Edgardo Antonio VIGO was born in the small city of La Plata, a few kilometers away from Buenos Aires. The son of a carpenter, Vigo enrolled in the Escuela Superior de Bellas Artes of La Plata in 1950, graduating with a degree in drawing. Upon graduation, Vigo travelled to Europe where he came in contact with the international avant-garde for the first time thanks to Venezuelan artist Jesùs-Rafael Soto. Following Vigo’s return to Argentina, neither his early sculptures nor his ‘useless machines’ fell into favour with the public or local critics. As an employee of La Plata’s Ministry of Justice, Vigo developed his practice outside the established circuits of artistic production and presentation. Despite recognition within his own country, he soon became regarded internationally as the founder of Mail art in Argentina. Often with an explicitly political approach, and no lack of humour or irony, Vigo quietly revolutionised the way in which artists spread their work and message in Latin America. It was only in 1991, when collector Jeorge Helft organised Vigo’s first exhibition in a public institution at Fundaciòn San Telmo, Buenos Aires, that his work began to receive attention. His inclusion in Argentina’s Pavilion for the 1994 São Paulo Biennial finally cemented his position in the whirling topographies of Latin American conceptual art.

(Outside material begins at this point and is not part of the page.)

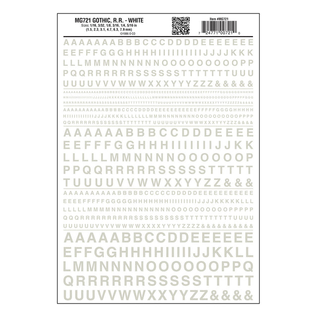 Woodland Scenics Dry Transfer Alphabet & Numbers - Railroad Gothic -- White - WOOMG721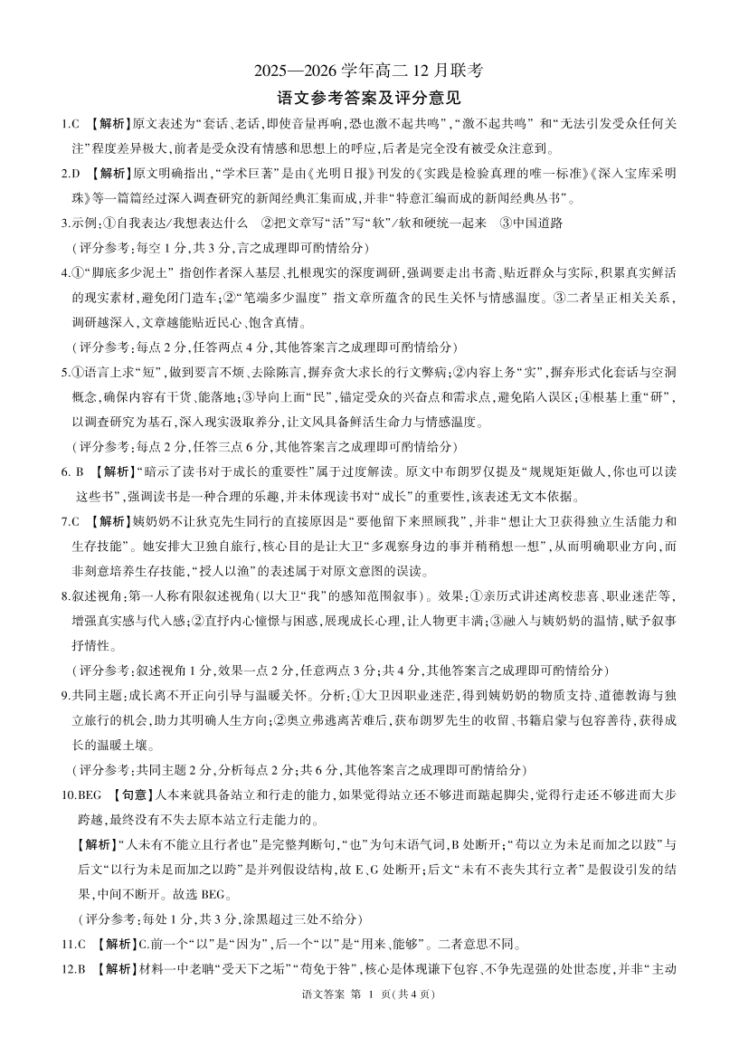 河南省百师联盟2027届高二上学期12月联考 语文答案.pdf

Solo exhibitions of his work have been held at Museo de Arte Moderna de Buenos Aires (2016); the Museum of Modern Art, New York (2014); and Weserburg Musem fur Moderne Kunst, Bremen(2011), with participation in notable group exhibitions including ‘Focus Latino America: Art is Out Last Hope,’ Phoenix Art Museum, Arizona (2014); ‘La Escritura Desbordada: Spanish and Latin American Experimental Poetry, 1962-1982,’ Museo Nacional Centro de Arte Reina Reina Sofia, Madrid, Spain (2012); 'On the Margins of Art,' Barcelona Museum of Contemporary Art, Barcelona, Spain (2009); and ‘From Figuration to System Art in Argentina,’ Camden Arts Centre, London (1971), amongst others.
His work is included in the collections of Archivio Juan Carlos Romero, Ataulfo Perez Aznar Collection, Gispert-Besoytaorube Collection, Museum of Modern Art (MoMA), Museo d’Arte Moderno Buenos Aires (MAMBA) and the Phoenix Art Museum.